A disputa entre as empresas pelos alunos, embora continue merecendo atenção do investidor (pode reduzir as receitas), hoje está menos acirrada. De qualquer forma, é um risco que deve ser ponderado, assim como os níveis de inadimplência. No setor educacional, a inadimplência é um tema particularmente relevante, porque a legislação tira das empresas tradicionais instrumentos de cobrança. Elas não podem punir o aluno devedor com proibição de provas ou retenção de documentos. No setor, segundo o Semesp, a inadimplência medida por atrasos superiores a 90 dias está em 8,46%, acima da taxa nacional (7,5%).

Aprendizado constante

Em 1930, o conhecimento humano dobrava em um período de 30 anos. Em 1970, esse intervalo caiu para apenas sete anos. Em 2010, esse conhecimento dobrava a cada impressionantes 11 horas; hoje, já devem ser três horas. Os números, de pesquisadores da Universidade da Califórnia Berkeley, sugerem a necessidade cada vez maior de as pessoas se aprimorarem, diz o presidente da Associação Brasileira de Ensino a Distância (Abed), Frederic Litto. Nesse contexto, cabe às instituições de ensino superior investir na criação de modelos adequados a essa demanda potencial.

 
"As escolas de ensino superior têm hoje uma grande oportunidade para oferecer conhecimento a pessoas já formadas e até pós-graduadas que estão há tempos no mercado de trabalho", afirmou Litto para uma plateia de analistas de mercado em um seminário sobre as perspectivas para o setor de educação promovido pela Associação dos Analistas e Profissionais de Investimento do Mercado de Capitais (Apimec) e pela BM&FBovespa. "Afinal, entre as pessoas já graduadas ninguém pode ficar mais que 12 meses sem um curso de atualização."
 
Considerando que o mercado potencial para esse tipo de ensino está concentrado em profissionais já atuantes, a saída pode estar, de acordo com Litto, no ensino a distância, também conhecido como não presencial.
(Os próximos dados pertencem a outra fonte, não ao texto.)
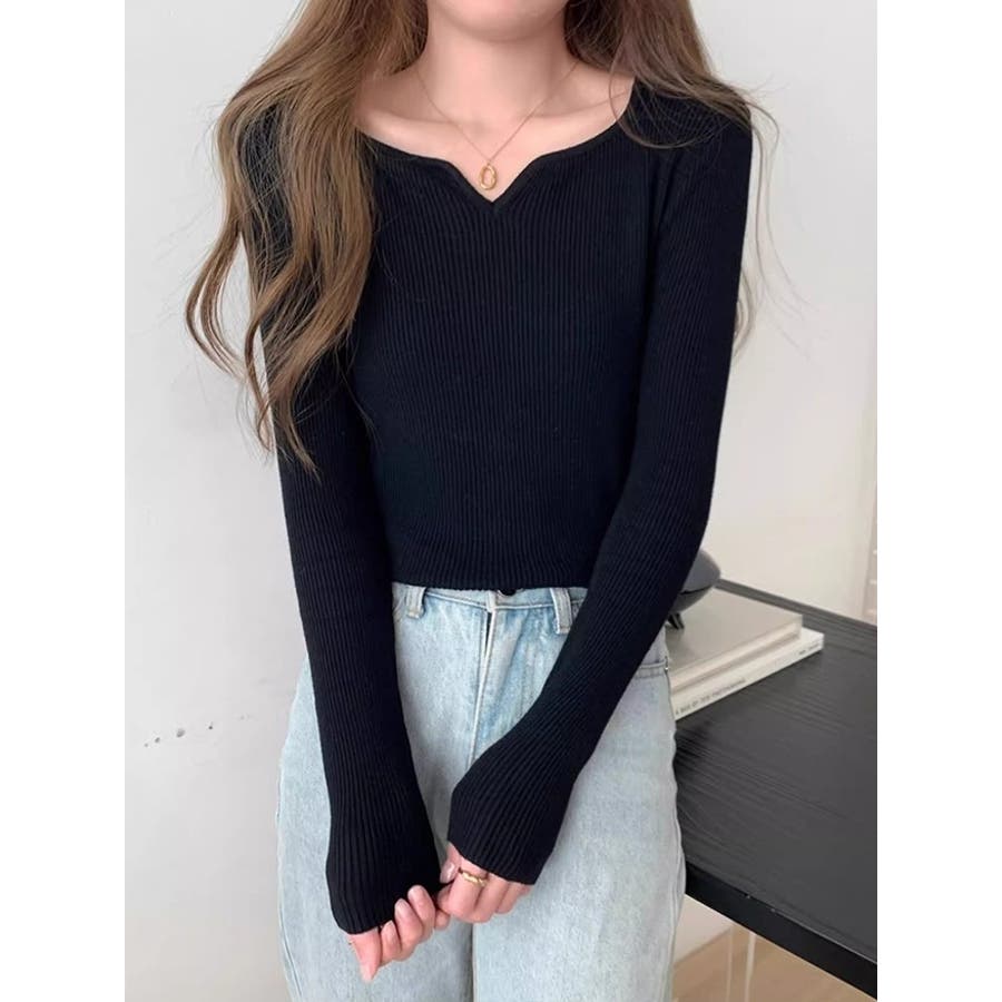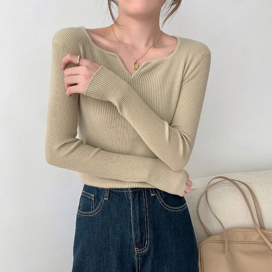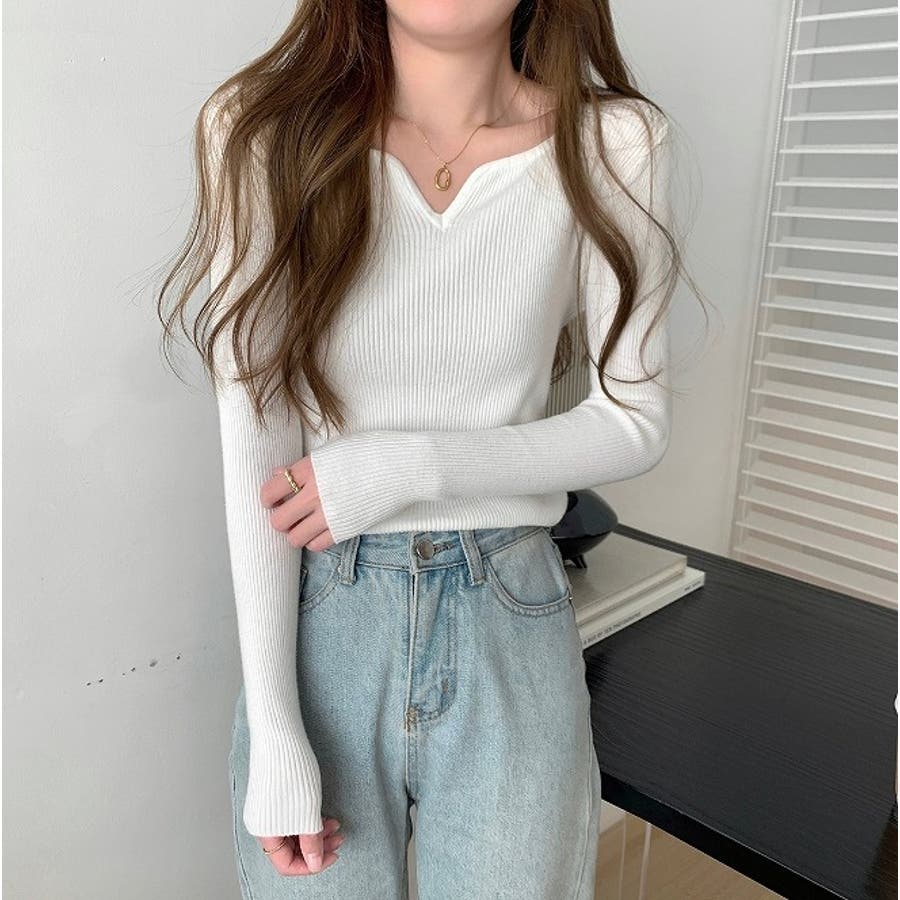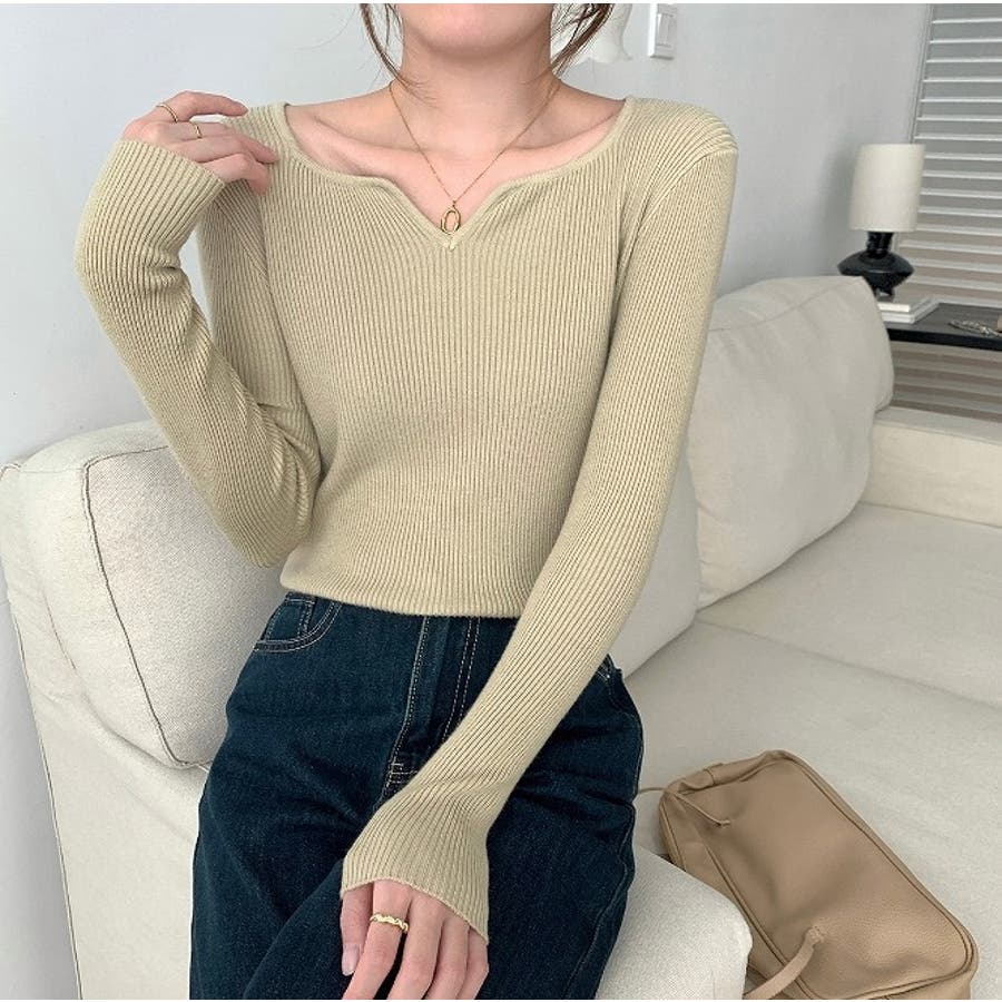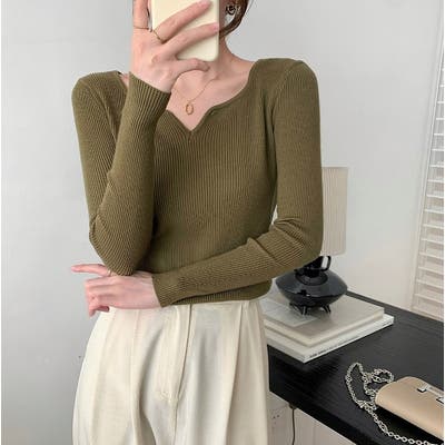 Vネック無地ニットトップス
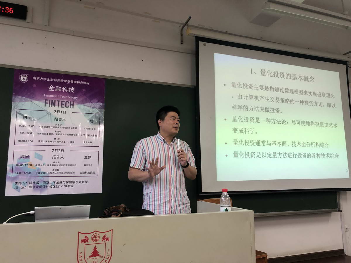 根据永利集团88304官网教务处、经济学院部署,2019年暑假伊始,金融与保险学系在仙林校区教学楼成功举办首次暑期特色课程《金融科技》。此次课程共分五讲,每次约3小时,由1位校内教师、4位业界专家联袂担纲,围绕目前金融理论与实践中最受关注的金融科技话题,采取专题讲座形式进行,金融与保险学系陈宝敏老师全程主持。永利集团88304官网一二三年级以及数学、计算机、人文社科等跨专业选课的60多位本科生选修此课,此外还有20多位同学旁听。
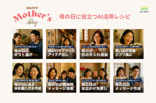 株式会社WEAVE(広島県東広島市、代表取締役 久保直樹)は、生成AIを日常に取り入れる1分動画シリーズ【ミーネクスト】にて、「母の日」向けの特設コンテンツを2025年5月に公開しました。

O conceito fundamental prevê que as atividades de ensino e aprendizagem sejam desenvolvidas majoritariamente (ou exclusivamente) sem que alunos e professores estejam  no mesmo lugar e na mesma hora. Ele envolve aulas pela internet ou por videoconferência e envio de material didático pelo correio. No Brasil, diz Litto, o potencial é crescente – pode ser uma fonte a mais de receitas das escolas.